TCE Process Improvement

Q: We are using trichloroethylene (TCE) in a three-tank immersion degreasing machine. Tank 1 = coarse cleaning (operating at 70-80°C), Tank 2 = coarse cleaning (operating at 70-80°C) (this stage has ultrasonic capability but has been disabled). Tank 3 = Vapor degreasing (90-100°C).

Immersion times are 2-3 minutes in each stage. We have a serious issue with high TCE usage and poor cleaning. Chiller temperature is maintained between 10-15°C. We also see condensation issues leading to water contaminating the solvent.

Filtration is done on manual basis and percent purity or concentration of the solvent is never checked. Could you please suggest how to optimize with respect to substitute solvent, how to determine concentration and purity, installing a continuous distillation system (would it be better?) and how to check residual oil? —A.P.

A. You will first need to implement some preventative maintenance and quality control. There are many common sense practices that can be implemented to minimize solvent evaporation. You will likely find that once implemented, you will see a significant improvement in the cleaning process and a decrease in solvent consumption. The solvent alternatives do not always perform as well as your current solvent and are usually significantly more expensive. In your case, you would want to tighten up the equipment and controls to minimize exposure to your employees.

The first thing you would want to check is the compatibility of the cleaning solvent (TCE) and the lubricant you are attempting to remove. Since you are seeing a significant amount of water contamination of solvent, you will want to make sure that your lubricant is not water based. If it is, you will introduce a significant quantity of water that the solvent system will not be able to handle. It would be necessary to move to a mineral oil lubricant prior to continuing with the solvent degreaser. This would be a prerequisite in order to obtain reasonable levels of cleanliness.

Also related to the water issue is the use of a water separator in the system. I am not sure if your system is equipped with one, but this is critical to remove the water introduced into the system from the parts and high ambient humidity. Water will float on top of solvent since it is less dense, so a water separator uses this principle to introduce solvent from the system into a covered, baffled weir on the side of the degreaser. This point is cooler than the interior of the degreaser and will allow natural separation to occur more quickly.

The next thing to check is the temperature settings of your first two stages (70-80°C). The TCE boiling point is 87°C, so if you are operating these two stages in the range of 70-80°C, you are getting very close to the boiling point of this solvent. With these being used for coarse cleaning, you do not need to run these temperatures this high. I would recommend a much lower temperature (30-50°C) to conserve on solvent.

To be clear, you will need chillers on all heated stages of this cleaning system to contain the solvent and minimize evaporative losses. If stages 1 and 2 do not have a chiller, it is recommended that you discontinue heating these stages.

Additionally, the chillers will need to be sized adequately to minimize vapor losses. The cooling temperature you are using is very good, but if the freeboard distance (distance from the top of the solvent to the top of the degreaser) is too short, the result is excessive solvent loss. It is often recommended to design a degreaser with a minimum freeboard ratio of 0.75 for open top degreasers. This means that the height of the freeboard had to be at least 75 percent the length of the smaller of the two opening dimensions of the degreaser.

Additional measures to mitigate fugitive solvent emissions from the degreaser would be to install a limit on the hoist to 11 feet per minute (3.3 meters per minute), keep fans and air ventilation away from the degreaser, insure parts are up to temperature in the vapor degreaser to minimize dragout, orient parts to minimize dragout and install sliding covers on each entry tank. It is important that these be sliding to avoid a piston effect of a hinged cover that will pull solvent out of the vapor zone when opened.

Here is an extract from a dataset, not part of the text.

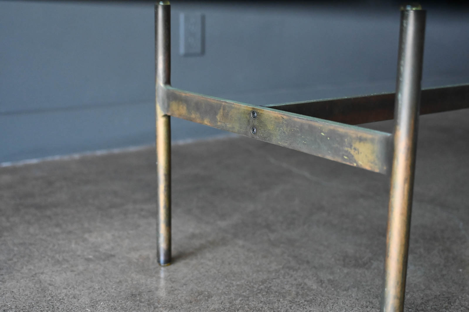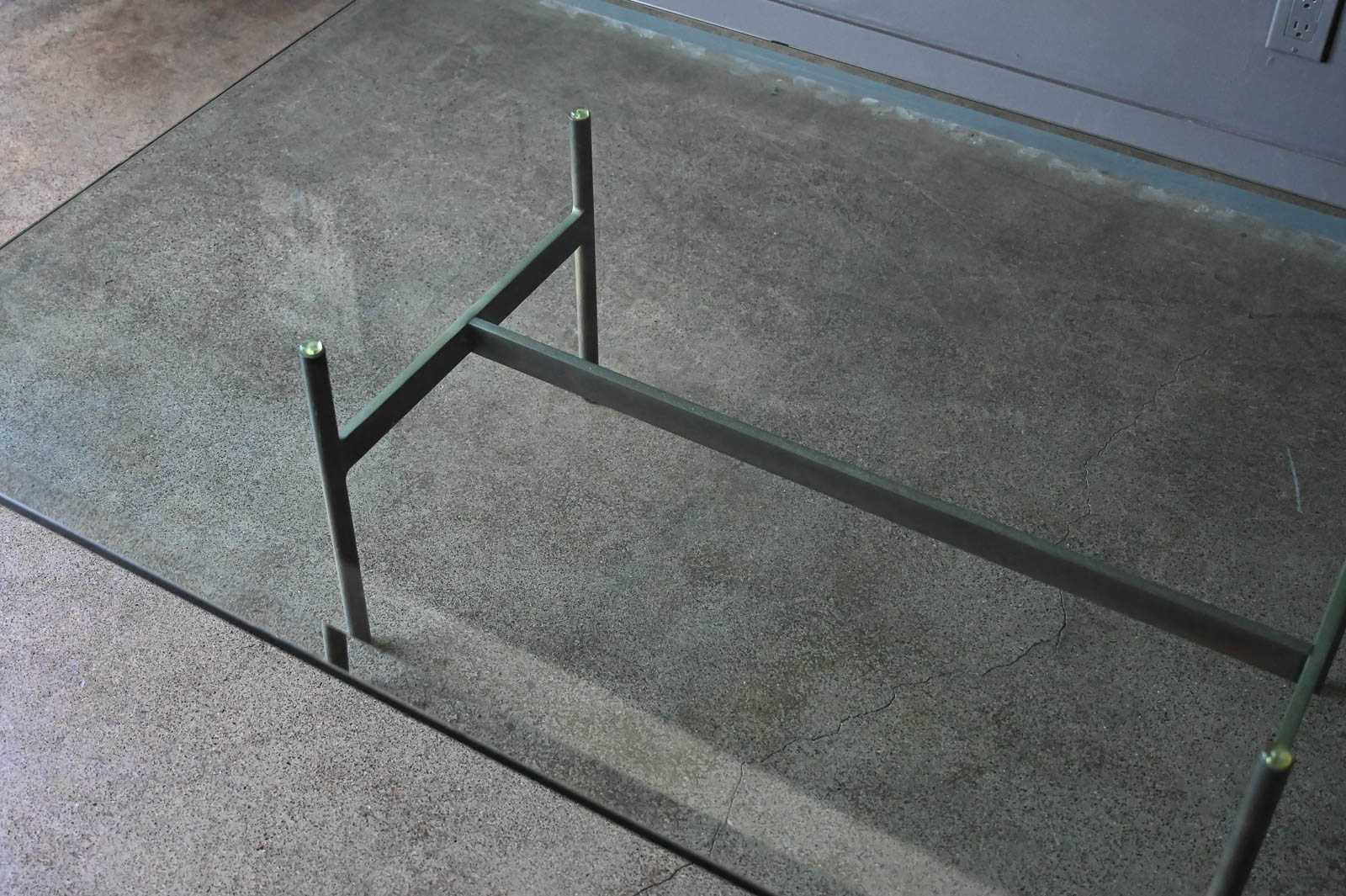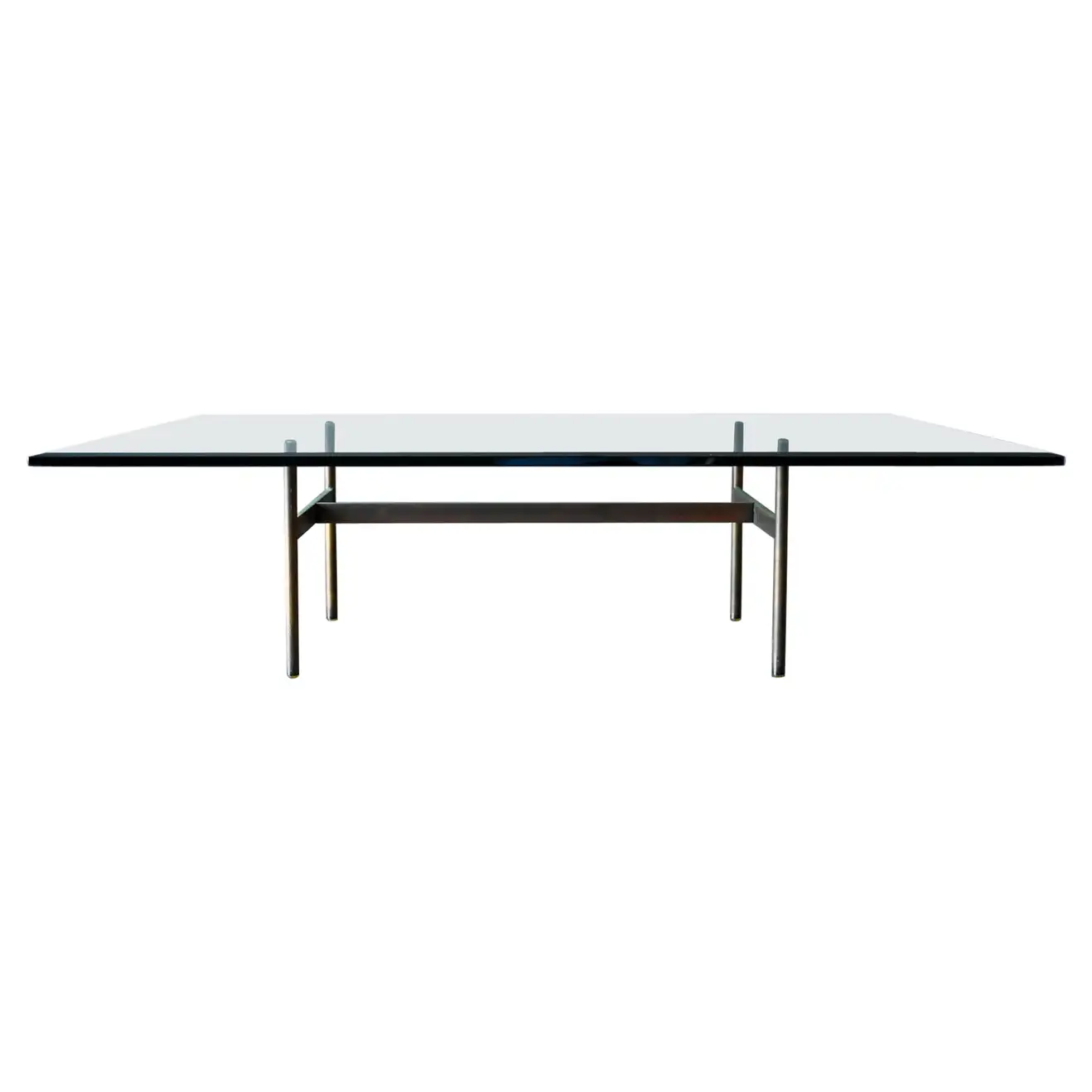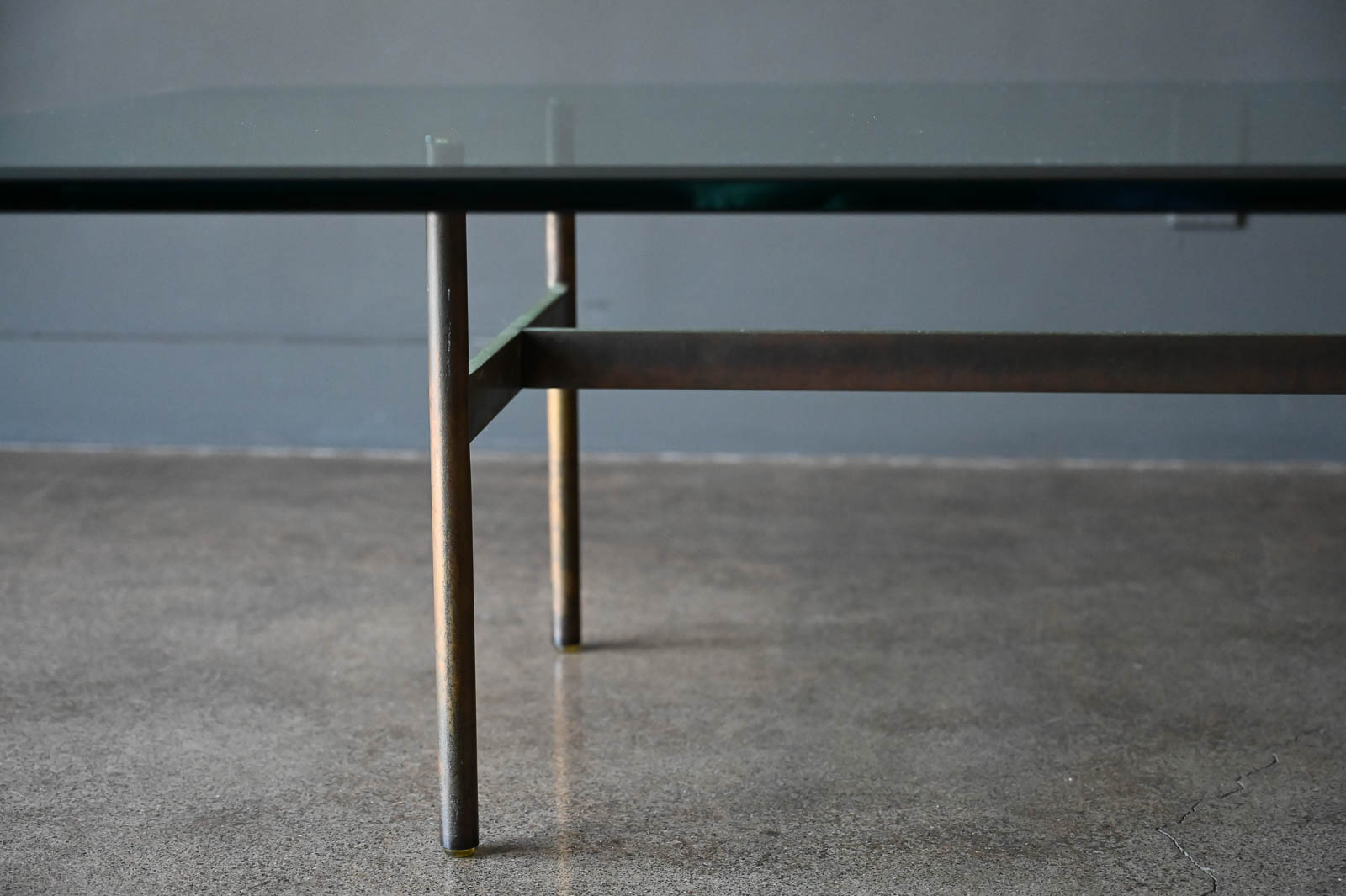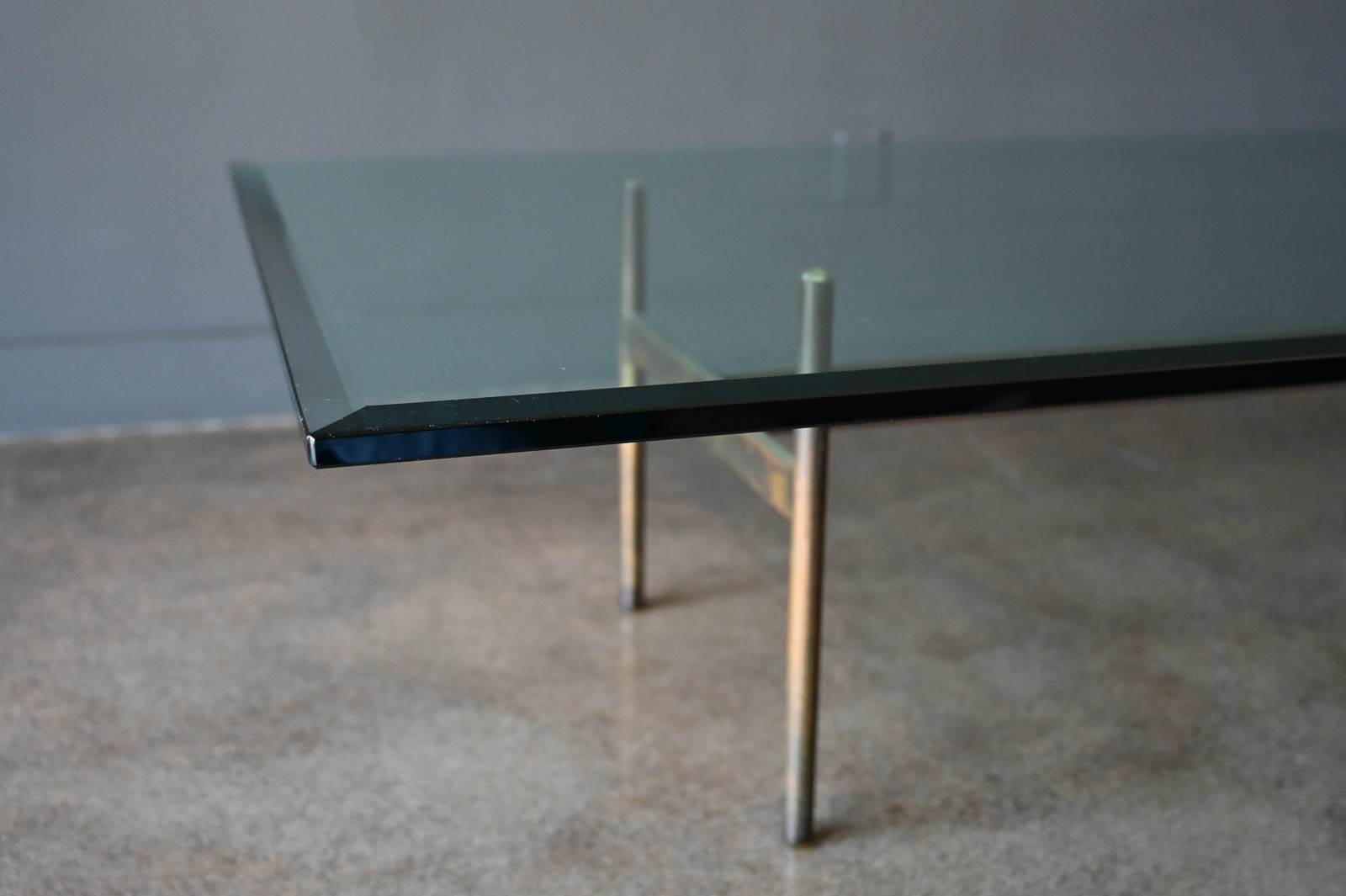Brass and glass H base coffee table by Gerald McCabe, circa. 1960. Beautiful solid brass base with great patina and original thick beveled glass top in very good vintage condition with only slight wear. Measures 60″ L x 36″ W x 16″ H. Rare brass base, most were in chrome.

Regarding quality of solvent, the oil cannot be filtered from the solvent/oil mixture. The solvent dissolves and solubilizes the oil. The only practical and effective means of purifying the solvent is to have a distillation unit that is connected to the entire system. In your case, you would want to counterflow the solvent from stage 3 to 2 to 1 and then into a distillation unit. With this equipment you will concentrate the oil based on the difference in boiling points between the solvent and the oil. The solvent vapor can be condensed and is then returned to the cleanest part of the system, stage 3. As more oil accumulates in the sump of the distillation unit, the boiling point of the mixture will continue to rise.

Most solvent manufacturers publish boiling temperatures that equate to an approximate oil percentage in the solvent. For instance old information I had from a TCE manufacturer in the U.S. suggested a 90°C boiling sump temperature equated to approximately 30 percent oil while a 95°C boiling temperature was approximately 50 percent solvent. A general rule of thumb would be to close off the distillation unit at approximately 30 percent oil and then continue to boil until the sump temperature would reach about 50 percent oil. In this case the sump bottoms would be drained and removed by the solvent supplier for further processing.